Yılmaz Isıkhan Selen, Karabulut Erdem, Alpar Celal Reha
Vocational School of Social Sciences, Hacettepe University, Ankara, Turkey; Department of Biostatistics, Faculty of Medicine, Hacettepe University, Ankara, Turkey.
Department of Biostatistics, Faculty of Medicine, Hacettepe University, Ankara, Turkey.

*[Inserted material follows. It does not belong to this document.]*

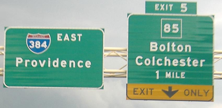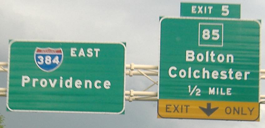 I-384 was meant to be I-84, extending east toward Providence. It's the largest of the three sections of freeway built; the other two are the Willimantic Bypass on US 6 and the US 6 freeway in Rhode Island. I-84 may also have used the end of the Connecticut Turnpike, which is now numbered secret CT 695. Once it became clear I-84 wouldn't fly, it was switched with I-86 (current I-84 from I-384 into Massachusetts), and this became 384.

Comput Math Methods Med. 2016;2016:6794916. doi: 10.1155/2016/6794916. Epub 2016 Dec 20.
. Evaluating the success of dose prediction based on genetic or clinical data has substantially advanced recently. The aim of this study is to predict various clinical dose values from DNA gene expression datasets using data mining techniques. . Eleven real gene expression datasets containing dose values were included. First, important genes for dose prediction were selected using iterative sure independence screening. Then, the performances of regression trees (RTs), support vector regression (SVR), RT bagging, SVR bagging, and RT boosting were examined. . The results demonstrated that a regression-based feature selection method substantially reduced the number of irrelevant genes from raw datasets. Overall, the best prediction performance in nine of 11 datasets was achieved using SVR; the second most accurate performance was provided using a gradient-boosting machine (GBM). . Analysis of various dose values based on microarray gene expression data identified common genes found in our study and the referenced studies. According to our findings, SVR and GBM can be good predictors of dose-gene datasets. Another result of the study was to identify the sample size of = 25 as a cutoff point for RT bagging to outperform a single RT.
近年来,基于基因或临床数据评估剂量预测的成功率有了显著进展。本研究的目的是使用数据挖掘技术从DNA基因表达数据集中预测各种临床剂量值。纳入了11个包含剂量值的真实基因表达数据集。首先,使用迭代确定独立筛选法选择用于剂量预测的重要基因。然后,检验了回归树(RT)、支持向量回归(SVR)、RT装袋法、SVR装袋法和RT增强法的性能。结果表明,基于回归的特征选择方法显著减少了原始数据集中不相关基因的数量。总体而言,11个数据集中有9个使用SVR实现了最佳预测性能;第二准确的性能由梯度增强机(GBM)提供。基于微阵列基因表达数据对各种剂量值的分析确定了在我们的研究和参考文献中发现的共同基因。根据我们的研究结果,SVR和GBM可以很好地预测剂量-基因数据集。该研究的另一个结果是确定样本量n = 25作为RT装袋法优于单个RT的截止点。